C социалистической идеей Egalite у меня проблемы. Вначале, в конце 18 – начале 19 века, это была очень передовая идея равенства всех перед законом, но она переродилась в идею просто равенства всех людей, которая не только уравняла нации, давшие миру Шекспира, Монтеня, Эйнштейна и Эдисона, с нациями, не окончательно прекратившими людоедство, не только уравняла меня с сыном пьяницы-многоженца из африканской колонии, ставшей Кенией, но и поставила его мною управлять.
Мы уже один раз проходили это в России, где революция, произошедшая точно по французскому образцу, с уничтожением священнослужителей и казнью королевской семьи, только с монструозным русским размахом, привела мужиков и, по мечте Ленина, кухарок к управлению государством.
Об идее такого равенства написал гениальный француз Алексис де Токвилль, министр иностранных дел Франции,  аристократ, автор до сих пор будоражещей умы книги «Демократия в Америке»  (1838 год):
«But one also finds in the human heart a depraved taste for equality, which impels the weak to want to bring the strong down to their level, and which reduces men to preferring equality in servitude to inequality in freedom».
Вот эта идея равенства, вдохновляющая слабых стаскивать сильных хотя бы на свой финансовый уровень, укоренившаяся в сознании большинства французского населения и полчищ набежавших из полускроенных колоний кровососов (посмотрите, флаги каких Ливий и Чадов развевались на митинге в честь победы на президентских выборах Оланда),  позволяет драть с «богатых» 75% налогов, чтобы кормить трех жен алжирского мусульманина и его громящих магазины в Ницце выродков-детей.
Этот французский социализм с его EGALITE – просто объединение COSPIRACY of LOSERS AGAINST ACHIEVERS.  Насильное вымогательство денег с флагом равенства подлой толпой под предводительством правительства  у тяжело, часто с детства работающих богатых (с каких пор богатый в капиталистической стране – оскорбительное слово?) приводит к бегству французских капиталистов и капитала, за которым следует паралич  безработицы.

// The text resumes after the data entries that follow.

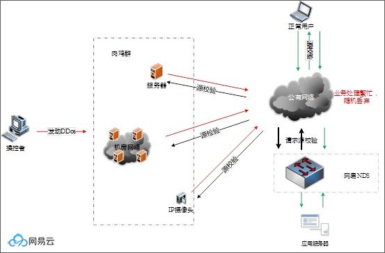 從服務的角度來說DDoS防護本質上是一場以用戶為主體依賴抗D防護系統與黑客進行較量的戰爭,在整個數據對抗的過程中服務提供者往往具有絕對的主動權,用戶可以基于抗D系統特定的規則,如:流量類型、請求頻率、數據包特征、正常業務之間的延時間隔等。基于這些規則用戶可以在滿足正常服務本身的前提下更好地對抗七層類的DDoS,并減少服務端的資源開銷。詳細示意圖如下:
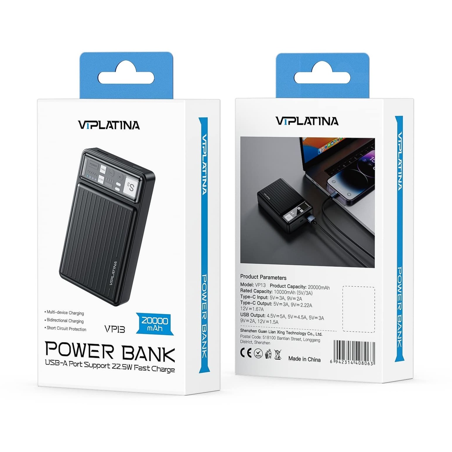 پاوربانک VIPLATINA VP13 با ظرفیت 20000 میلیآمپر ساعت، یک همراه مطمئن برای شارژ انواع گوشیهای هوشمند، تبلت و دیگر دستگاههای دیجیتال است. این محصول با داشتن پورتهای Type-C و USB، امکان شارژ همزمان چند دستگاه را فراهم میکند.
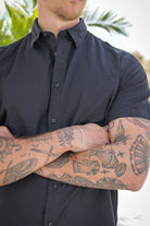 • Koszula lniana z krótkim rękawem, klasycznym kołnierzykiem i zaokrąglonym brzegiem
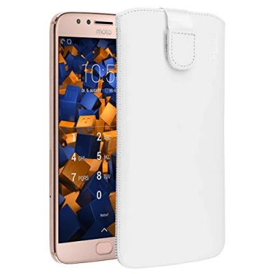 White leather case - ideal smartphone accessory with practical Velcro fastener for secure closure, prevents the Motorola Moto G5S Plus from falling out of the leather case. Moto G5S Plus genuine leather case – thanks to the sewn-in flap, which retracts when inserted, you can easily remove your G5S Plus from the mobile phone case. Leather wallet case white made from original cowhide leather - the velvety soft inner lining of the leather cases offers complete protection against scratches and looks elegant. The perfect screen protector. Moto G5 S Plus leather case made of genuine leather – the leather case is carefully sewn by hand to protect your mobile phone, camera and display in the mobile phone case. Quality tested in Germany: tested and measured on the original device, so that the leather case is as precise as possible. Durable, discreet and non-slip, the perfect mobile phone accessory.
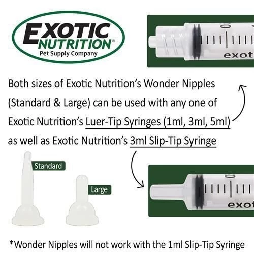 The Exotic Nutrition Wonder Nipple & Syringe Set is ideal for feeding small baby animals. The kit includes top-quality O-ring syringes, as well as flexible silicone nipples. You can pierce the nipple end with a needle, then expand the hole size to meet your flow requirements. The slip-tip syringe can be used with or without the nipples, giving you plenty of versatility in how you use the set. The set is ideal for baby squirrels, raccoons, rabbits, sugar gliders, hedgehogs and other small mammals.

Без капитала и капиталистов предприятия и бизнесы (рабочие места) не создаются.
Смехотворным, но очень поучительным символом такого бегства стал отказ от французского гражданства Депардье. Его можно понять. 75% налогов (Оланд и выиграл выборы, обещая через налоги забрать деньги у богатых) любого взбесят. Депардье свои деньги не украл. Странно, что избежал инфаркта от того количества фильмов, в которых снялся. У талантливого тяжело работающего успешного человека отнимают деньги в пользу бездарных ленивых лузеров. А сколько не таких знаменитых, как Депардье, уже бежало или вывезло из Франции капиталы? Посмотрите на виллы на набережных Тель-Авива.
Мне-то, американке,  что переживать? Увы…

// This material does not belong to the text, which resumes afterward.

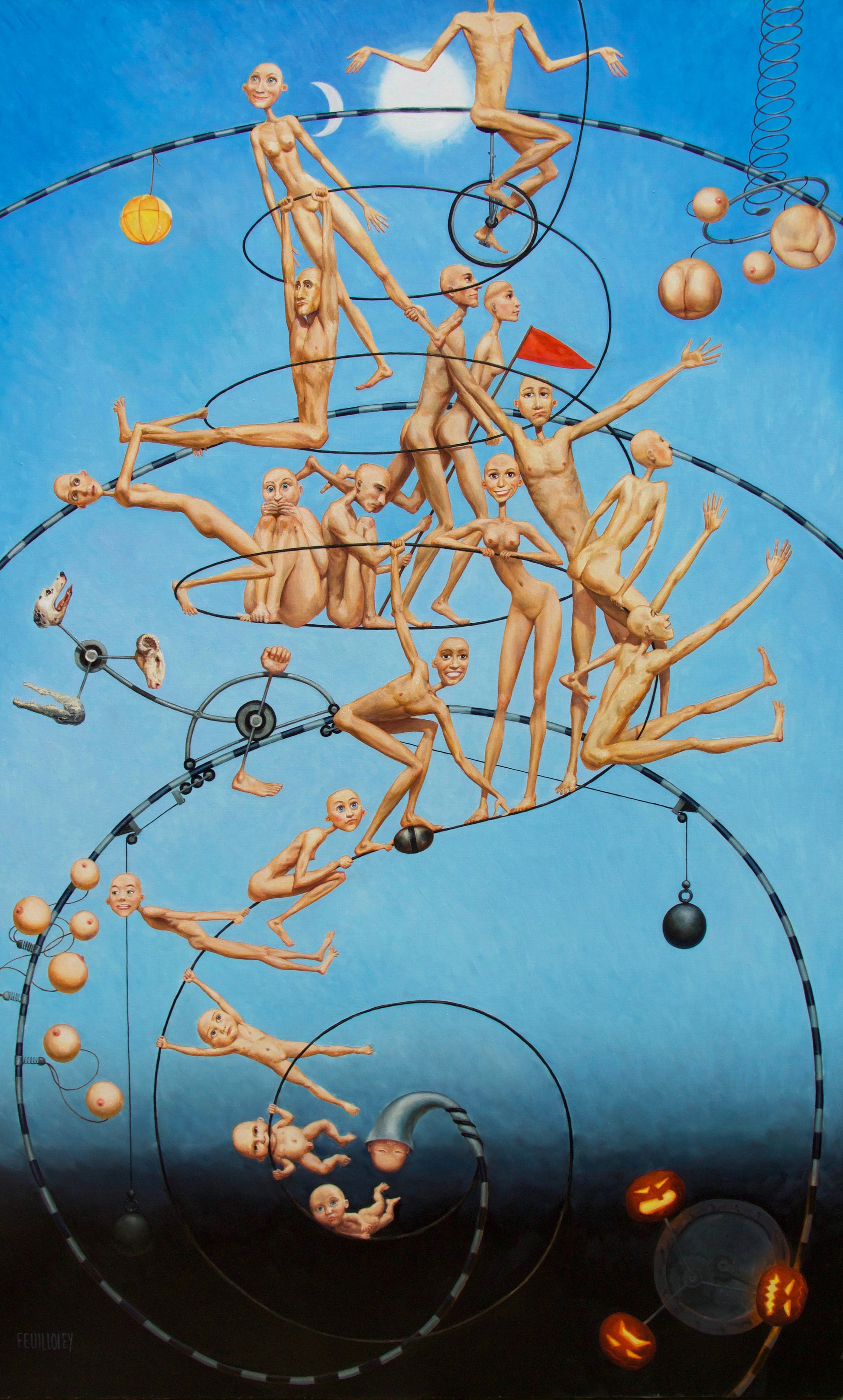 The work reflects Myriam Feuilloley's unique approach, influenced by Egyptian and Khmer art, as well as the surrealism of Modigliani and Dali. With a technique reminiscent of 15th-century Flemish masters, each brushstroke seems to breathe life, transforming the canvas into a poetic and dreamlike scene. The artist uses humor and symbolism to explore themes of love, spirituality, and sensuality, creating figures that seem to float between dream and reality.

Сегодняшняя американская администрация живет идеями французского социализма и не скрывает, что ему подражает. Обама через неделю после избрания демонстративно выбросил из белого дома бюст Черчилля, написавшего: «Socialism is a philosophy of failure, the creed of ignorance, and the gospel of envy, its inherent virtue is the equal sharing of misery».
Черчилль был олицетворением британской, лучшей части европейской цивилизации, противостоявшей нацизму и коммунизму, олицетворением силы и ответственности, которые Киплинг назвал «бременем белого человека». Секретарь Британских колоний, одной из которых была Кения, он немало по ним поездил и был в ужасе от въезда цветных из колоний в Англию. Он писал о «strong aboriginal propensity to kill»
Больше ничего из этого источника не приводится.